Scientists Discover a Way to Reverse Age-Related Diseases
Many individuals suffer from age-related diseases, including cancer, heart disease, dementia and arthritis. While individual treatments may help, addressing their causes would likely yield better results – this is why scientists are investigating ways to reverse aging processes.
Researchers have already made strides toward reversing some signs of cellular aging using Yamanaka’s gene therapy method, in which genes are delivered directly into cells with viruses. Unfortunately, however, these approaches do not work on all cell types – to find one that works across the board, researchers need to first understand what drives cellular aging itself.
Scientists have recently discovered one of the primary factors behind cellular aging is Menin protein degradation. Menin is responsible for neuroinflammation regulation and its loss is associated with age-related symptoms like hypothalamus deterioration, decreasing skin thickness and bone density decline, as well as cognitive deterioration.
Researchers used an innovative technique to introduce Menin back into mice’s hypothalamus and test its effect on physiological aging symptoms. After thirty days, mice demonstrated improved skin and bone mass along with enhanced balance, cognition, and balance abilities associated with increased levels of D-serine in their brains.
These findings indicate that correcting Menin deficiency could be an effective approach to treating age-related diseases; however, more research will need to be conducted in order to see whether it could also be applied to reverse other physiological processes.

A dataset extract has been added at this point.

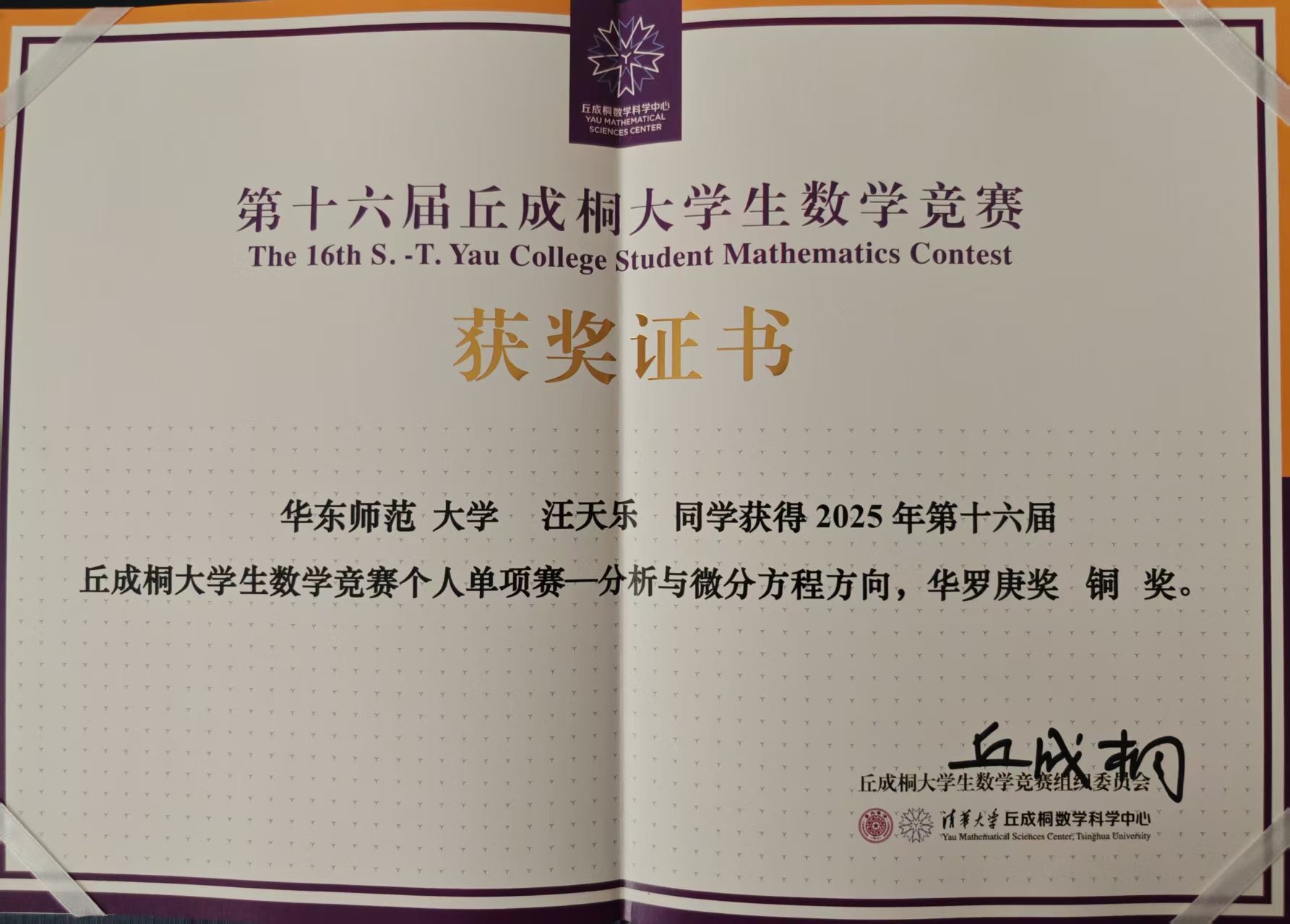 近日,第十六屆丘成桐大學生數學競賽舉辦。華東師大數學科學學院2021級本科生汪天樂憑借扎實功底和出色表現榮獲分析與偏微分方程方向個人單項銅獎,獲得我校在該賽事上的首枚獎牌。

Reversing aging could involve altering how DNA is packaged within cells. Scientists at the Salk Institute discovered that genetic mutations associated with Werner syndrome – which leads to early aging and death – lead to the breakdown of tightly packed bundles known as heterochromatin, leading to its degradation and decay. They discovered specific mixtures of molecular compounds which could reset this young state back into older cellular DNA strands; this treatment reversed some symptoms associated with aging in mice.
Team scientists are now exploring how their technology can be used to make the hematopoietic stem cells (HSCs), responsible for blood cell production, younger. This goal is particularly crucial, since patients receiving HSCs from older donors tend to die sooner. They have received Validation Project funding in 2022 so as to examine this possibility further.